Ему нравилась жизнь этих друзей-поэтов – веселая, беспечная. В неприхотливом, полупустом этом жилище царил высокий дух поэзии! Жаль, что с ними не было сейчас Кюхельбекера!

Но так молоды они были, что события недавней школьной жизни все еще играли важную роль… Баратынский, счастливый тем, что принят как равный уже известными поэтами, рассказал свою историю. В Пажеском корпусе составилось общество мстителей. И мстить было за что: например, начальник отделения, штабс-капитан Кристофович, был груб – и они приклеили к его спине бумажку с надписью: «Пьяница». А учитель-немец был несправедлив – и они прибили к стене его шляпу. Другому учителю в табакерку всыпали шпанских мух… Дальше – больше… и теперь у него был единственный выбор: рядовым вступить в лейб-уланский полк…

– До этого ты увидишь в печати свои стихи, – сказал Дельвиг.

– Нет, нет! – замахал руками Баратынский. – Мне рано!..

– У него прекрасные стихи, – Дельвиг строго вскинул глаза. – Ты будешь поражен, – уверил он Пушкина.

– Он слишком хвалит меня! – конфузясь, краснея, дрожа, проговорил Баратынский.

– Так знай же, маркиз, – сурово сказал Дельвиг. – Я взял на себя грех – отправил твои стихи в журнал…

Но тут произошло нечто совершенно неожиданное.

Зримая волна рыданий прокатилась, искажая черты, по лицу Баратынского, охватила тело, сотрясла его – и громкие, судорожные вопли вырвались из его горла. В отчаянии он обхватил свою голову. Он упал на стол, он бился на зеленом сукне.

– Зачем… зачем…

Дельвиг остался суров и спокоен.

– Затем, что я угадал в тебе эллина, поэта… И Пушкин вдруг вспомнил, как некогда Дельвиг, не спрашивая, отослал и его поэтические опыты для тиснения – и он, потрясенный, ожидая невообразимую перемену в своей судьбе, прятался в глухих уголках царскосельского сада.

Им было тогда по пятнадцати лет… Какой путь с тех пор они проделали! Профессор Кошанский – сам небольшой поэт – напитал их идеалом античной красоты… совершенной красоты, той красоты, которая не терпит ничего лишнего, не терпит чрезмерного напряжения в мыслях и чувствах, не терпит даже слишком пылкого восхваления прекрасного, но требует полного равновесия всех элементов… Идеал этой античной красоты воодушевлял Батюшкова… И они, неся в душе свой идеал, уже прошли длинный поэтический путь. В какую сторону двигаться дальше,? Как и что писать?..

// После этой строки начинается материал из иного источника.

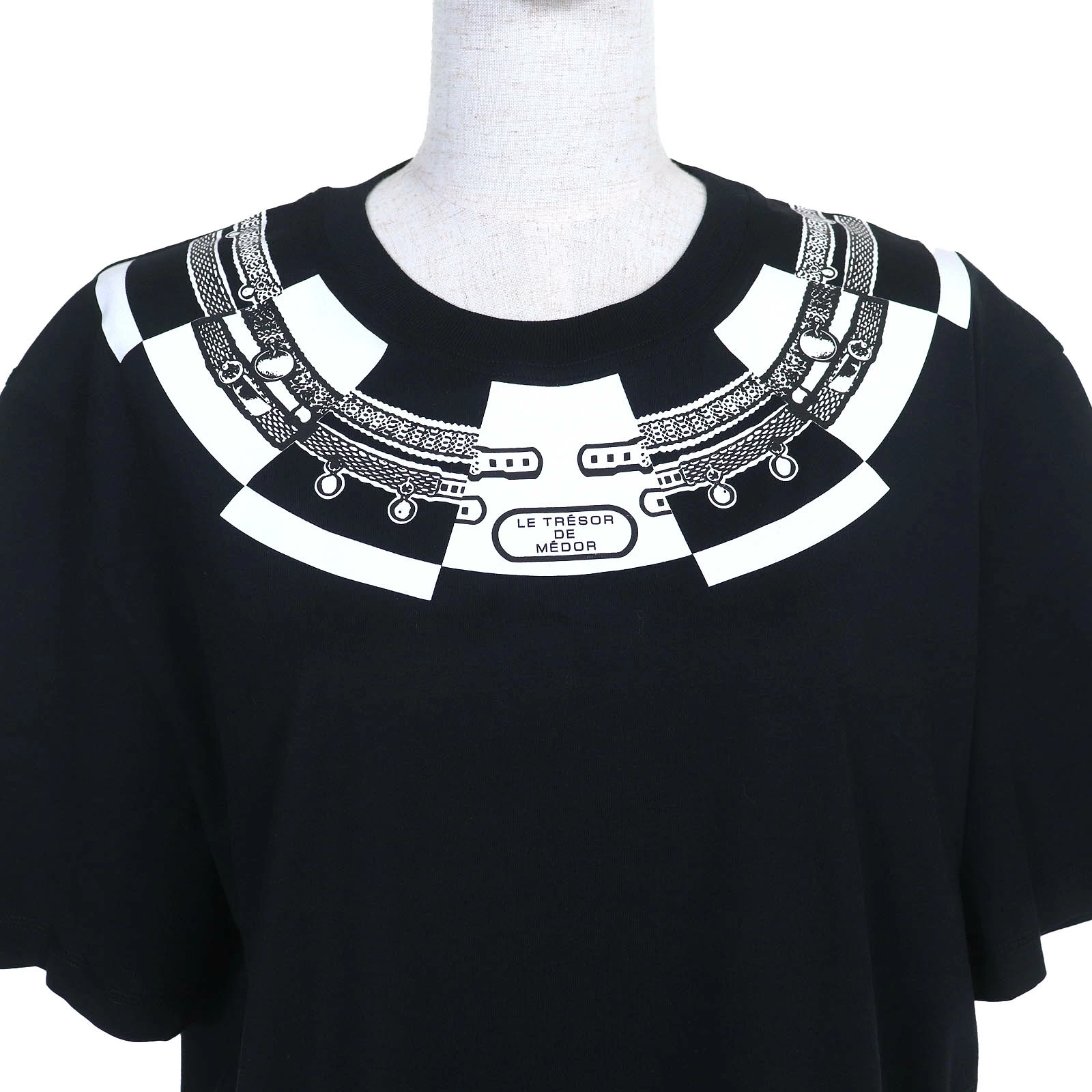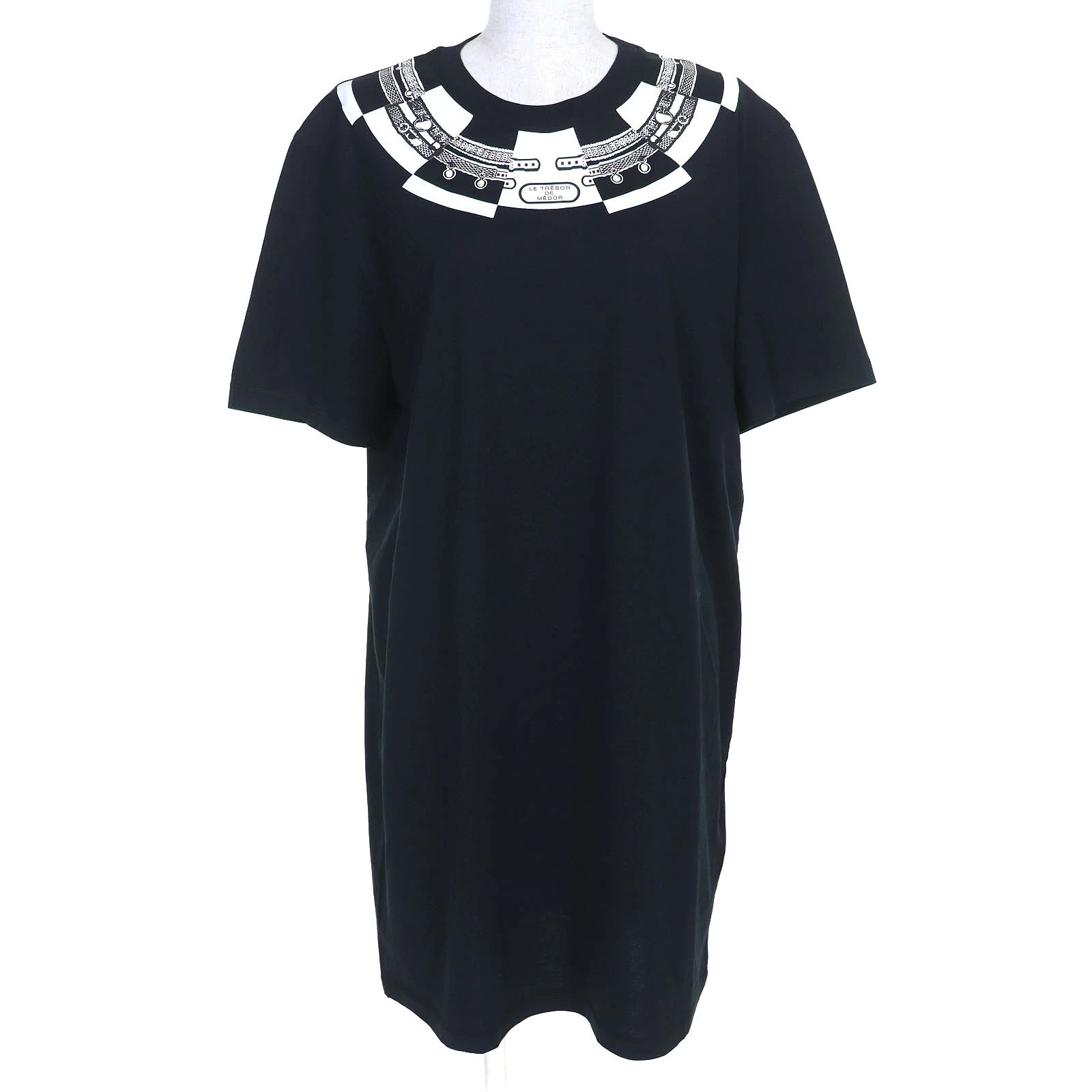 Unused HERMES 22AW Le Tresor de Medor 2H4511DU 100% Cotton Crew Neck Short Sleeve Dress, Black, Size 42, Made in France, Authentic, Women's [Pre-owned]

Да, жаль, что с ними не было сейчас Кюхельбекера!

– Почему так бедна и не оригинальна наша литература, – рассуждал Пушкин. – Наша литература возникла в восемнадцатом веке – до этого простирается пустыня… На молодую нашу словесность, не имевшую отечественных корней, французская литература имела решительное влияние… Но где же наша оригинальность, где народность?

Они принадлежали к новой школе и писали послания, элегии в формах новой романтической поэзии. А Кюхельбекер, напротив, тяготел все больше к устарелой торжественности оды… Да, жаль, что с ними не было сейчас Кюхельбекера!

И наконец настал момент, который не мог не настать, потому что всюду, где Пушкин бывал, его просили читать стихи из «Руслана и Людмилы».

…Со вздохом витязь вкруг себя Взирает грустными очами. «О поле, поле, кто тебя Усеял мертвыми костями…»

Баратынский, очень бледный, стал возле стола, и зрачки его глаз расширились от напряжения.

– Вы, – сказал он, – пишете лучше всех поэтов!..

– О мой Орест… – проговорил Дельвиг в восторге.

VII

Его стихов пленительная сладость
Пройдет веков завистливую даль,
И, внемля им, вздохнет о славе младость,
Утешится безмолвная печаль
И резвая задумается радость.
«К портрету Жуковского»

На субботы Жуковского съезжалось множество литераторов.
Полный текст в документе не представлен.